Let's assume that I can only do this in SQLite.
I have two Tables.
State {
DistrictID: int
SubdistrictID: int
CityID: Int
name: varchar(36)
}
Theres an obvious heirarchy in the State table. A State has a number of Districts, Each district has a number of Subdistricts, each Subdistrict has a number of Cities.
The other table is the number of Students in a City, where the Students.CityID = State.CityID
Students {
CityID: int
number: int
}
I want to know take out the number of Students existing in a District '221'.
QUERY: SELECT sum(students.number) from State LEFT JOIN Students students ON State.CityID = students.CityID WHERE State.DistrictID = 221 GROUP BY State.DistrictID
So far so good, this does work. I get the total number of students from across all the cities that are in District 221.
Heres the complication.
Some Cities are SHARED between Subdistricts. In this case, a District have One city thats shared across two Subdistricts. This is reflected within the State Table.
State Table
Row0: DistrictID: 221; SubDistrictID: 332; CityID: 554
Row1: DistrictID: 221; SubDistrictID: 332; CityID: 555
Row2: DistrictID: 221; SubDistrictID: 333; CityID: 554
Row3: DistrictID: 221; SubDistrictID: 333; CityID: 557
The Rows 0 and 2 have the same city (554) shared across two Subdistricts - 332 and 333.
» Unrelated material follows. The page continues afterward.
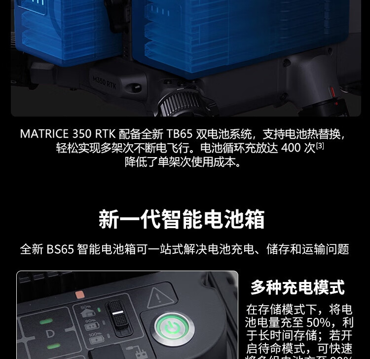 充电时间:使用220伏电源时,完全充满两块TB65智能飞行电池约60分钟,从20%充到90%约30分钟;使用110伏电源时,完全充满两块TB65智能飞行电池约70分钟,从20%充到90%约40分钟

In this case, the above sql query would double the SUM() value as the same city is counted TWICE.
How am I to solve this complex duplication that logically arose because of this technically faulty, but realistical problem, by not changing the schema of the table? I tried using distinct
, but it doesn't fit this purpose, and as such, doesn't work.
You can use select distinct
to get one reference to each city in the district, before doing the join
:
select sum(s.number)
from (select distinct cityid
from state
where destrictid = 21
) c left join
students s
on s.cityid = c.cityid